Kleman & Uhler observed the infrared spectrum and were the first to note absorption bands.

=== Occurrence in stars ===
The existence of CrH in stars was only established in 1980 when spectral lines were identified in S-type stars and sunspots. CrH was discovered in brown dwarfs in 1999. Along with FeH, CrH became useful in classifying L dwarfs. The CrH spectrum was identified in a large sunspot in 1976, but the lines are much less prominent than FeH.

Concentration of CrH in the L5 type of brown dwarf is 3 parts per billion compared to H, whereas the normal abundance of chromium is 0.5 parts per million compared to Hydrogen.

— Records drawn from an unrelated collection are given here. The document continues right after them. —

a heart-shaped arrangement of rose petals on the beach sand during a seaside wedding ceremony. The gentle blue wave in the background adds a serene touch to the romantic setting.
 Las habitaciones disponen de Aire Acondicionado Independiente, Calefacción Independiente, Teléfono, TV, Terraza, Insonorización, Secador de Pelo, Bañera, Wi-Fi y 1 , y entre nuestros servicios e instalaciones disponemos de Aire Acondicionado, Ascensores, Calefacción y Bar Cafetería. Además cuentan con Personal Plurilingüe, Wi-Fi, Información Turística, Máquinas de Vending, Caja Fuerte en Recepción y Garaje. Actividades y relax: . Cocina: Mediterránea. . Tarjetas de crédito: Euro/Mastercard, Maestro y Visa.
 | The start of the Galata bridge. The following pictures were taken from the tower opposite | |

In S-type stars a series of unknown lines appeared in the near infrared spectrum. They were termed the Keenan bands based on a spectrum of R Cyg. One of the bands with a band head at 861.11 nm was identified as due to CrH.

CrH is used to classify the L-type brown dwarfs into subtypes L0 to L8. The CrH absorption band is a diagnostic feature of L-type stars. For subtypes of the L-type brown dwarfs, L5 to L8 the CrH band at 861.1 nm is more prominent than the FeH band at 869.2 nm and for L4 these two bands are equally strong. For L0 type stars, TiO lines are similar in strength to CrH lines, and in L1 Ti0 lines are slightly weaker than CrH. L1 to L3 have FeH band stronger than the CrH.

=== Chromium(II) hydride ===
A related chemical compound, is the more stable chromium(II) hydride, identified by Weltner et al. in 1979 using a solid argon matrix. This compound is susceptible to dimerisation in the gas phase. The dimer is more stable than the monomer by 121 kJ mol^{−1}. Chromium(II) hydride is the most hydrogenated, groundstate classical hydride of chromium. CrH_{2} is predicted to be bent, rather than linear in shape. The bond angle is 118±5°. The stretching force constant is 1.64 mdyn / Å. In an inert gas matrix atomic Cr reacts with H_{2} to make the dihydride when it is irradiated with ultraviolet light between 320 and 380 nm. The CAS number is 13966-81-9.

=== Non-classical hydrides ===
Other nonclassical hydrides also exist. They include dihydrogen molecules as a ligand, such as CrH(H_{2}), CrH_{2}(H_{2}), CrH_{2}(H_{2})_{2}. The nonclassical hydrides are formed by reacting chromium(I) or chromium(II) hydride with dihydrogen gas, with optional inert gas. Chromium trihydride excimer is formed when CrH_{2}(H_{2}) is subjected to green or yellow light.